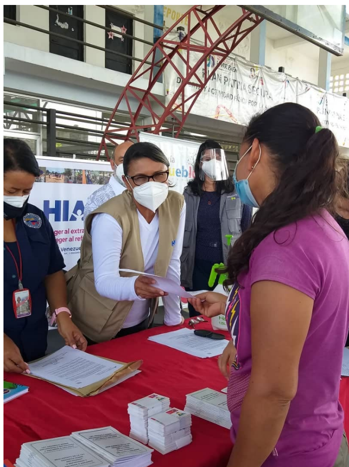
HIAS staff delivering Refugee Status Determination documents to participants in May 2021.

The HIAS Venezuela team is comprised of expert staff working across different locations. The Country Director leads a Senior Management Team made up of key senior staff. Each HIAS Venezuela staff member abides by HIAS' Code of Conduct and other policies and procedures in line with global best practices. All staff members have completed trainings on Protection from Sexual Exploitation and Abuse (PSEA) . These trainings are updated and repeated regularly to ensure both prevention and response to any reported incidents of SEA. HIAS applies a gender lens when analyzing, planning, and making decisions across all its operations, to ensure the safety, security, and wellbeing of the entire organization's staff.
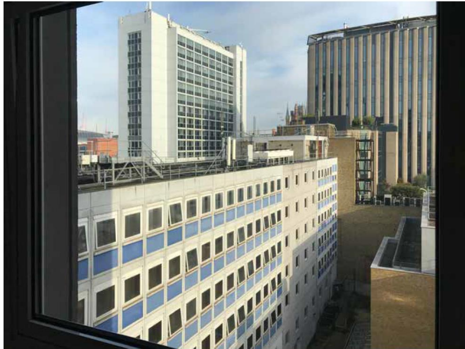
Existing view from a habitable room in Somerton House

levels of outlook and natural light to unacceptable levels for the neighbouring residents at Somerton House. Furthermore, the images show that the sense of enclosure would also increase unacceptably for the neighbouring residents.
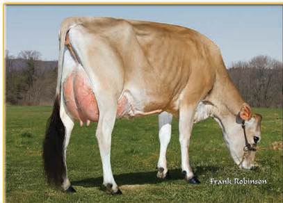
HIGH LAWN HEADLINE
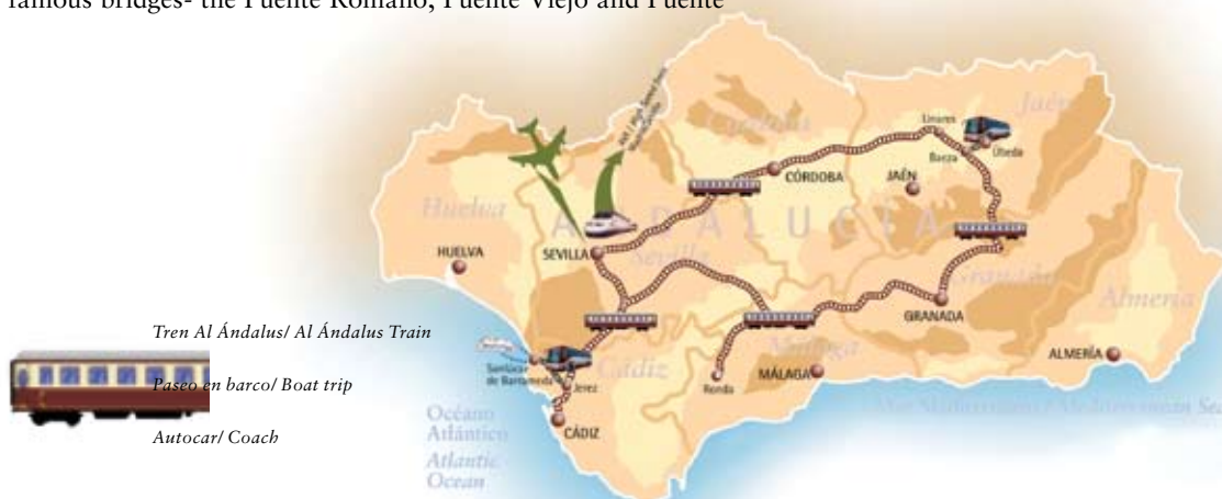
Tren Al Andalus/ Al Andalus Train

After breakfast, the train arrives Seville, the capital of Andalusia and Cultural Center of Southern Spain. This morning's tour includes visit to reputed World Heritage Sites such as the great and beautiful minaret tower - La Giralda, the famous Cathedral, the beautiful palace of Alcazar, the 13th century tower Torre del Oro and the Archivo General de Indias. Return to the Santa Justa train station where the train crew awaits to assist you with your luggage. Bid farewell to your new friends as you continue your onward journey.
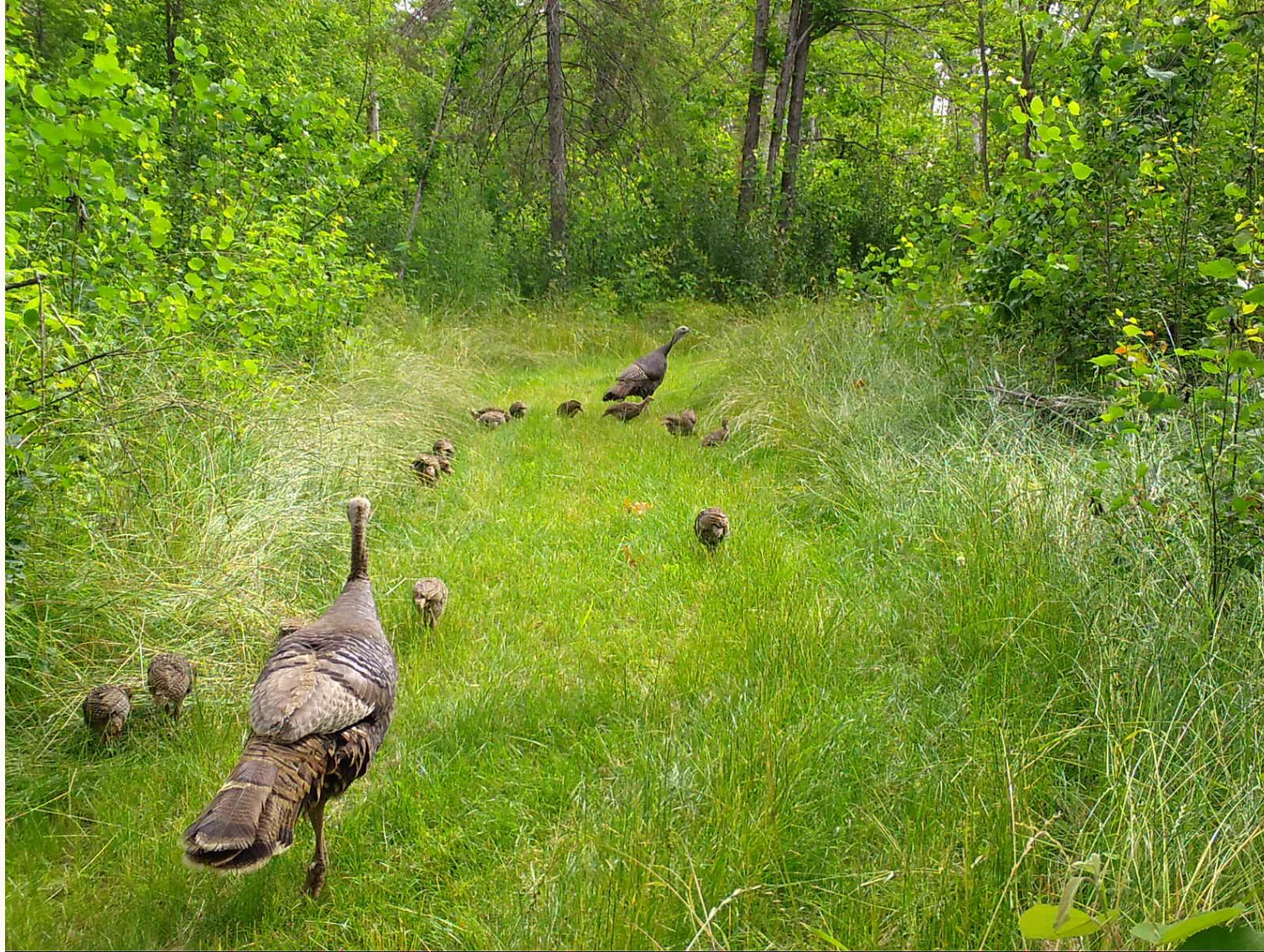
Wild turkey Meleagris gallopavo
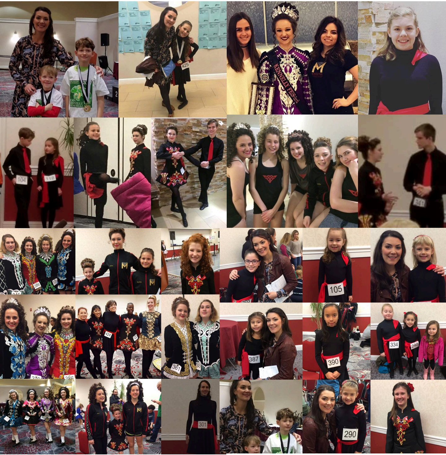
Dancers at the John Kennelly Memorial Feis – Story on the next page
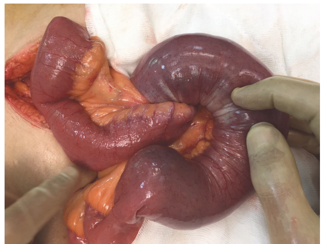
FIGURE 2. Intraoperative appearance of ileoileal invagination.

sion complaints included abdominal pain, nausea, vomiting, and inability to defecate or pass gas, and in remaining patient (10.2%) lower gastrointestinal (GIS) system bleeding was detected. In the 2 patients who were operated on under elective conditions, the primary complaints were abdominal pain, lassitude, and anemia. Diagnosis was established in the 1 (1.9%) patient with lower GIS bleeding using angiography, while 6 (60%) of the remaining 10 patients were diagnosed on the basis of US and/or CT findings (Figure 3). All patients underwent surgery: right hemicolectomy-ileotransversostomy (n=5; 45.5%) or segmental resection of small bowel
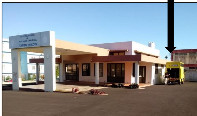
Municipal Council of BB/RH Funeral Parlour

The third Mobile Post Office 3 van will park in the yard of the Beau-Bassin/Rose Hill Municipal Funeral Parlour adjacent to the Camp Levieux Police Station to serve only Camp Levieux customers whilst Mauritius Post hibernates to "contemplate" serving other localities in the "near future". When not at Camp Levieux the van parks at its base – Stanley Post Office. The society has it that the "near future" localities will be Barkly, Palma and Roches Brunes.
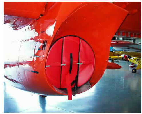
Exhaust Plug, folding type
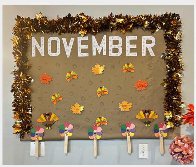
AFH provide activities for residents that wish to participate. This fun board was created leading up to Thanksgiving.

OCWCOG oversees the licensing of all AFHs in Linn, Benton, and Lincoln Counties and works with AFH providers to help them be successful. Providers offer a range of support to their residents, from basic medication management to full assistance in all activities of daily living, based on three different
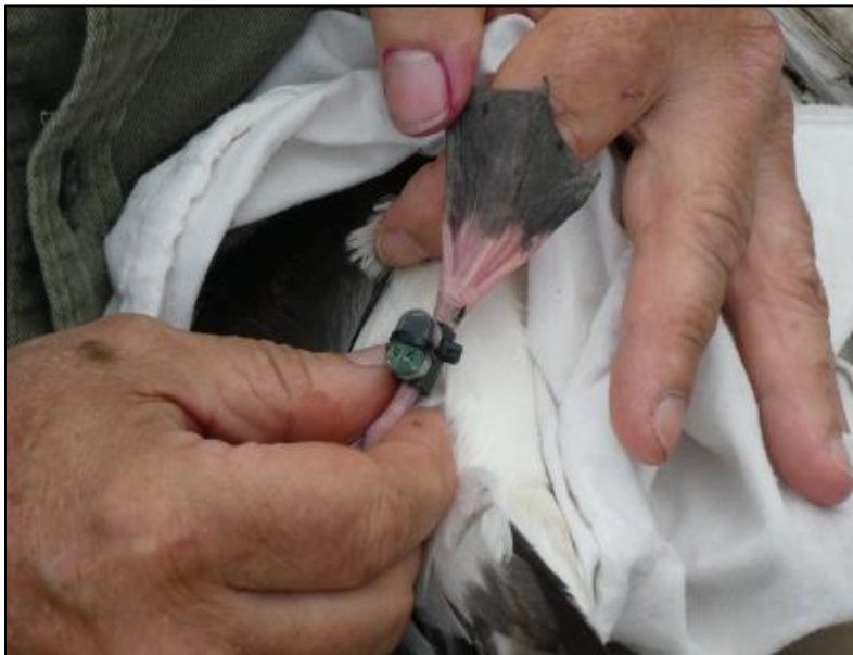
GPS tracker on the leg of an adult Cahow (Alison Copeland)

In collaboration with researchers in Europe, the DENR continued work to place GPS trackers on nesting Cahows in February. The devices will reveal where adult birds are foraging at sea. [A3.4, K migratory, K3.1, K2.2 sites, K4.2 habitat resto plan, J1.3 implement plan].

========

Print out the material word for word, omitting the pictures.

_Task result_
HIAS staff delivering Refugee Status Determination documents to participants in May 2021.

The HIAS Venezuela team is comprised of expert staff working across different locations. The Country Director leads a Senior Management Team made up of key senior staff. Each HIAS Venezuela staff member abides by HIAS' Code of Conduct and other policies and procedures in line with global best practices. All staff members have completed trainings on Protection from Sexual Exploitation and Abuse (PSEA) . These trainings are updated and repeated regularly to ensure both prevention and response to any reported incidents of SEA. HIAS applies a gender lens when analyzing, planning, and making decisions across all its operations, to ensure the safety, security, and wellbeing of the entire organization's staff.
Existing view from a habitable room in Somerton House

levels of outlook and natural light to unacceptable levels for the neighbouring residents at Somerton House. Furthermore, the images show that the sense of enclosure would also increase unacceptably for the neighbouring residents.
HIGH LAWN HEADLINE
Tren Al Andalus/ Al Andalus Train

After breakfast, the train arrives Seville, the capital of Andalusia and Cultural Center of Southern Spain. This morning's tour includes visit to reputed World Heritage Sites such as the great and beautiful minaret tower - La Giralda, the famous Cathedral, the beautiful palace of Alcazar, the 13th century tower Torre del Oro and the Archivo General de Indias. Return to the Santa Justa train station where the train crew awaits to assist you with your luggage. Bid farewell to your new friends as you continue your onward journey.
Wild turkey Meleagris gallopavo
Dancers at the John Kennelly Memorial Feis – Story on the next page
FIGURE 2. Intraoperative appearance of ileoileal invagination.

sion complaints included abdominal pain, nausea, vomiting, and inability to defecate or pass gas, and in remaining patient (10.2%) lower gastrointestinal (GIS) system bleeding was detected. In the 2 patients who were operated on under elective conditions, the primary complaints were abdominal pain, lassitude, and anemia. Diagnosis was established in the 1 (1.9%) patient with lower GIS bleeding using angiography, while 6 (60%) of the remaining 10 patients were diagnosed on the basis of US and/or CT findings (Figure 3). All patients underwent surgery: right hemicolectomy-ileotransversostomy (n=5; 45.5%) or segmental resection of small bowel
Municipal Council of BB/RH Funeral Parlour

The third Mobile Post Office 3 van will park in the yard of the Beau-Bassin/Rose Hill Municipal Funeral Parlour adjacent to the Camp Levieux Police Station to serve only Camp Levieux customers whilst Mauritius Post hibernates to "contemplate" serving other localities in the "near future". When not at Camp Levieux the van parks at its base – Stanley Post Office. The society has it that the "near future" localities will be Barkly, Palma and Roches Brunes.
Exhaust Plug, folding type
AFH provide activities for residents that wish to participate. This fun board was created leading up to Thanksgiving.

OCWCOG oversees the licensing of all AFHs in Linn, Benton, and Lincoln Counties and works with AFH providers to help them be successful. Providers offer a range of support to their residents, from basic medication management to full assistance in all activities of daily living, based on three different
GPS tracker on the leg of an adult Cahow (Alison Copeland)

In collaboration with researchers in Europe, the DENR continued work to place GPS trackers on nesting Cahows in February. The devices will reveal where adult birds are foraging at sea. [A3.4, K migratory, K3.1, K2.2 sites, K4.2 habitat resto plan, J1.3 implement plan].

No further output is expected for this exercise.